//CONDUITE DE LA TRANSITION AU MALI: LA VISION DES LEADERS DU FPR

CONDUITE DE LA TRANSITION AU MALI: LA VISION DES LEADERS DU FPR

Les Forces Patriotiques pour la Refondation du Mali (FPR) ont tenu une conférence de presse hier, jeudi 08 octobre 2020 à la maison des ainés. Cette conférence s’inscrivait dans la logique des événements que le Mali vivait et ceux que les forces patriotiques pour la refondation du Mali conduisaient sur le terrain et à d’autres niveaux. La conférence était présidée par Dr Aboubacar Sidick FOMBA, Président du parti ADPM.

Selon le président du parti, l’activité politique est dominée par quatre (04) grands éléments notamment la mise en place du gouvernement, la libération des otages – y compris celle de SOUMAILA CISSE – la libération des responsabilités détenus par les nouvelles autorités et la question de l’Algérie. Ce dernier sujet a été abordé par le parti ADPM. L’Algérie aurait violé l’intangibilité des frontières maliennes en annexant une partie du territoire. Il y avait lieu réellement d’expliquer au peuple malien, à Barkhane, aux nations unies et à la CMA. Dr FOMBA a déclaré ceci : « Les forces patriotiques du Mali se sont réjouies de la mise en place du gouvernement de Transition. On a parlé des points positifs et des points négatifs. Pour nous, la mise en place de ce gouvernement est à féliciter. Elle permet une avancée significative, surtout qu’il y a des personnalités importantes. D’autres cas méritent d’être discutés. Mais dans tous les cas, les FPR sont disposées à soutenir la Transition. Son objectif n’est que la refondation du pays et l’avènement de la 4ème République ».

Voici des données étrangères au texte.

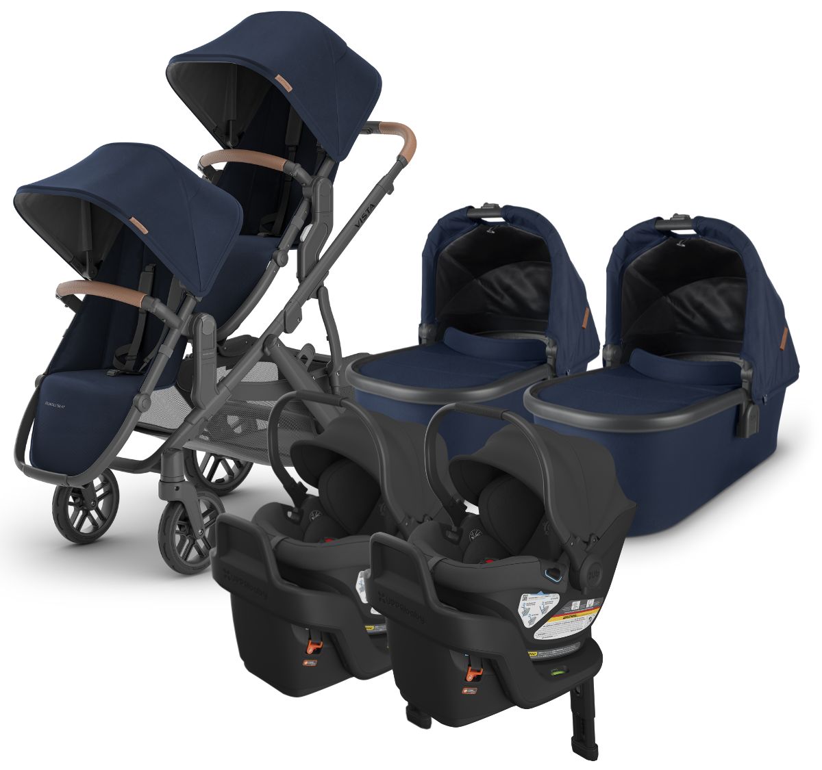 UPPAbaby VISTA V2 Double Stroller + Aria Travel System Bundle with Rumble Seat V2+ - Greyson

Il a rappelé que le RFP a essayé de faire certaines remarques qui étaient de dissocier le ministère de l’Economie du ministère des Finances pour pouvoir mener une politique économique. Qu’il fallait mettre le ministère l’Education de l’Enseignement supérieur ensemble. Et qu’il n’était pas nécessaire dans le contexte, de créer le ministère des Affaires religieuses et du Culte. Pour ce qui concerne la libération du chef de file de l’opposition, Soumaila CISSE, Dr Aboubacar Sidick FOMBA estime qu’il est important que les gens comprennent qu’il s’agit de sauver des vies humaines. ‘’En tout état de cause, il est important de comprendre que les nouvelles autorités sont en train de faire tout pour que cette libération puisse être effective. A partir de là, il est important aussi de comprendre qu’on doit cesser de faire trop de propagande sur la libération de Soumaila CISSE’’ a affirmé le président de l’ADEPM.

Pour lui, il est bon que chacun arrête de se porte expert négociateur. A chaque fois qu’il est possible de sauver une vie, que ce soit celle Soumaila ou que ce soit celle de quelqu’un d’autre, nous devons pouvoir le faire. Surtout, Soumaila a été enlevé par la faute, l’irresponsabilité du Président IBK. La sécurité du citoyen incombe à l’Etat. Il dira aussi : « Si les nouvelles autorités s’engagent déjà à faire ce travail, on doit les encourager. Les gens doivent faire profil bas sur beaucoup de commentaires autour de cette libération. Nous devons nous calmer jusqu’à sa libération effective ». Concernant la libération des responsables politiques, Dr Aboubacar Sidick FOMBA a indiqué qu’il est très important de donner des précisions. Les réseaux sociaux disent, écrivent tout. « Toutes ces personnalités ont été auditionnées. On les a écoutés. D’ailleurs ce n’était pas des arrestations arbitraires. Il y avait des cas d’avions cloués, des cas de corruption à ciel ouvert. Des gens sont impliqués dans beaucoup d’autres affaires. a y ajouter les événements du 10, 11 et 12 juillet. »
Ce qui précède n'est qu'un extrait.